左右に、光と闇の騎士の持つ剣を展開させる。

「轟く波紋 ジノビアスにライド」
まるで海軍の制服のような服に変化する、巨大な剣を手にアイチと激しくぶつかる。
アイチも二つの剣で応戦、援護しようにも誰も、その戦いに圧倒され、桁が違うと誰もが瞬時に理解した。

「貴方一体何者なんですか!!」
「蒼龍に選ばれし子、貴様になら名乗ってもいいだろう、我が名はレオン」

帽子の影から僅かに、見えた金色の髪と紫の瞳。
しかし澱んでいる瞳は、アイチに再び悪寒を与えた。

「光の先導者、アイチ・先導・ユナイテッド・サンクチュアリ。
お前には此処で死んでもらう、我が一族の再興のために生贄だ」

「なっ!!」
二つの剣を合わせ、ブラスター・フォトン・ブレードを生み出すと、柄を持つ。
レオンは不気味に笑うと、生暖かい風が吹いてきた、まるでレオンが生み出しているかのような。

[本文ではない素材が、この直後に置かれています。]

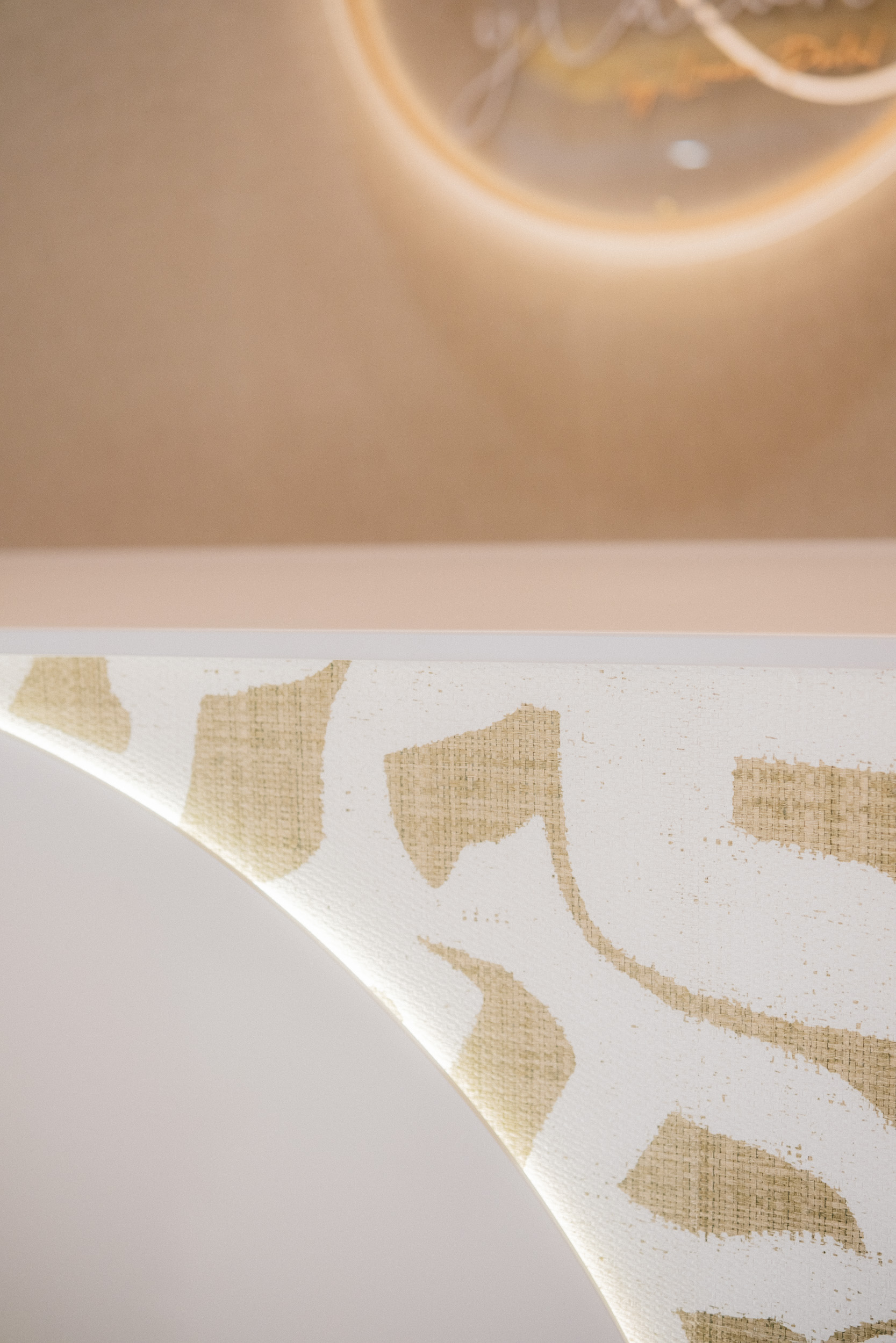 El nuevo diseño apuesta por formas orgánicas, acabados neutros y una iluminación escenográfica que aporta calma y sofisticación. El mostrador curvo retroiluminado, la entrada fluida y el foseado del techo se convierten en elementos clave que aportan carácter sin saturar el espacio.
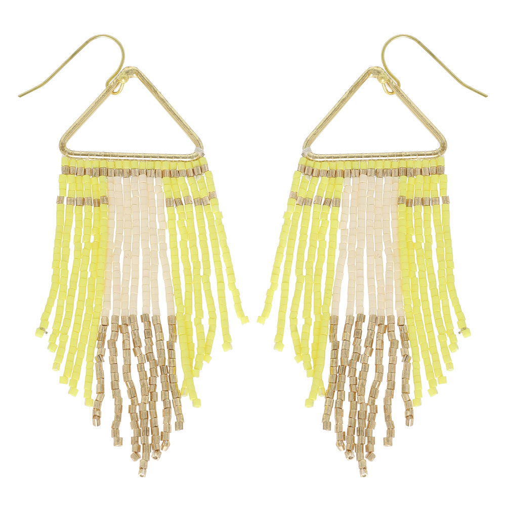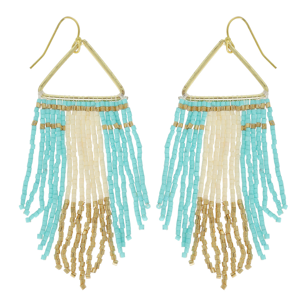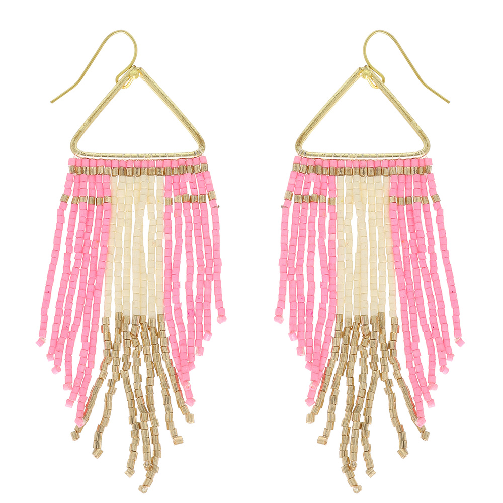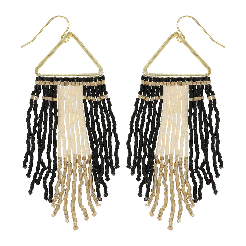 WESTERN NATIVE AMERICAN GEOMETRIC SEED BEAD FRINGE EARRINGS
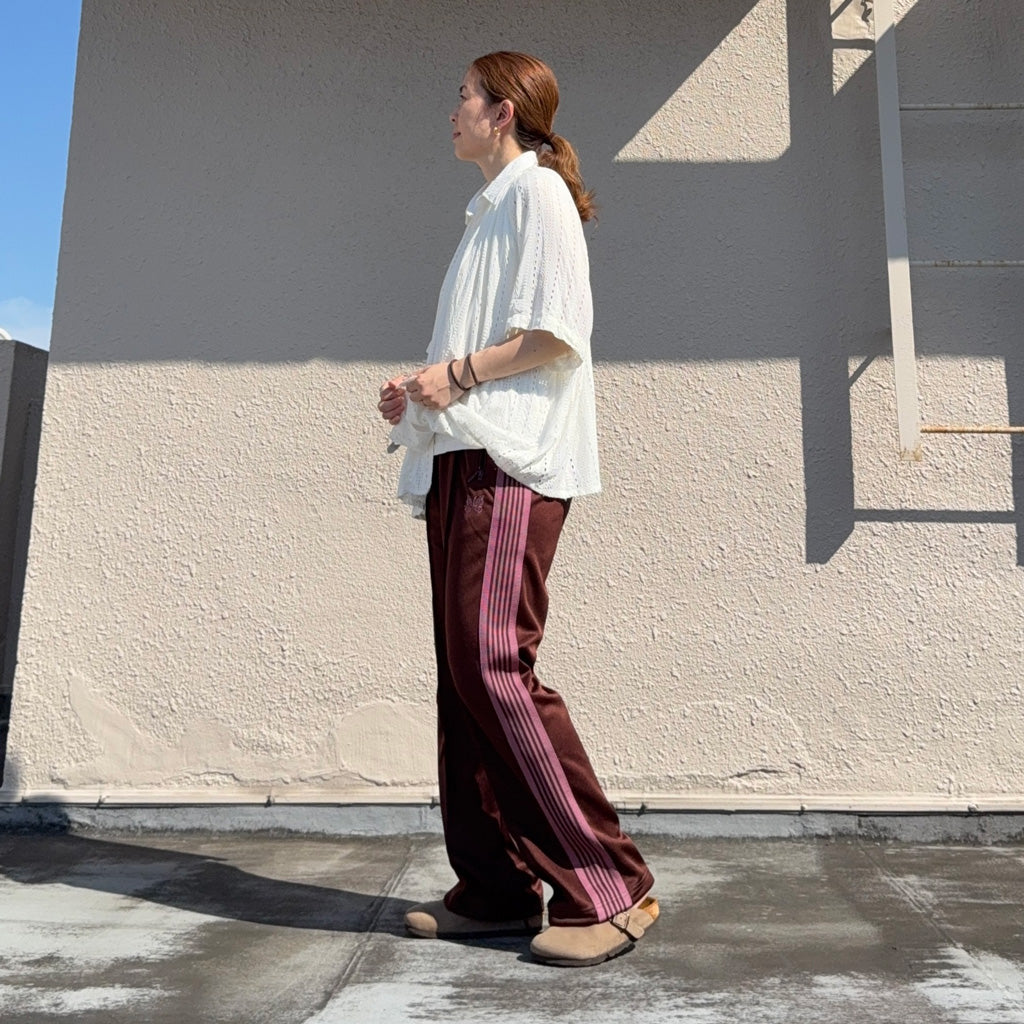 Needlesの代表的なアイテムのトラックパンツです。ポリエステル素材のジャガード生地を使用し、センタープリーツにワンポイントのパピヨン刺繍がニードルスならではのデザインを感じられる一本です。スポーティーなアイテムながら、センタープレス仕様が奇麗な印象なので、テーラードスタイルやミリタリースタイルなどとミックスさせて個性的なスタイリングを楽しめます。

「このカードは暫く使えないが・・貴様相手では仕方がない。
伝説のアクアフォースの力、味わうがいい!!オーダー・オブ・ジャスティス!!」

突風と共に、吹き飛ばされそうな力に押されるアイチ。
今此処で自分が避ければ、島と背後にいるミサキ達が倒れる。

「お願い、ロイヤルパラディンの皆!!」
カードケースから全てのロイヤルパラディンのカードを取り出し、円を描くように広がると白く輝き始める。
巨大な青い光を全て受け止め、そしてブラスター・フォトン・ブレードで切り裂いた。

「何!!」
レオンも正面から、切られるとは思っていなかったのか驚いたが
代償としてアイチはロイヤルパラディンのカードが使用不可能になる。

「皆っ・・・・!!」
カードはところどころ黒く変色して、光を失い落ちそうになるのをアイチが受け止める。
無事だったのか、たった三枚、悲しそうにカードを抱きしめるアイチにレオンは。


「フッ・・まぁいい。これでお前は戦う手段を失ったも同然だ!!」
ティア―ナイトを向かわせ、アイチにトドメを刺そうとする。
ロイヤルパラディンを守るように抱きしめているアイチは、避けられないと覚悟したように、目を固く閉じた。







「もう心配いりませんよ、アイチ君」









「えっ・・・」
黒い影が、アイチに抱きつくと誰かがティア―ナイトを剣で切り裂いた。
カードからも真っ二つになるほどの衝撃、そして赤い髪に黒い騎士服、それはアイチ同じ能力を持つ。


「レン・・・さん?」
「はい、アイチ君。大丈夫ですか?」
アイチを片腕に抱きつつ、剣を構える、AL4連合国の帝王、レン・NAL・雀ヶ森。
暗い影を感じない、無邪気な笑顔でアイチを挨拶をする。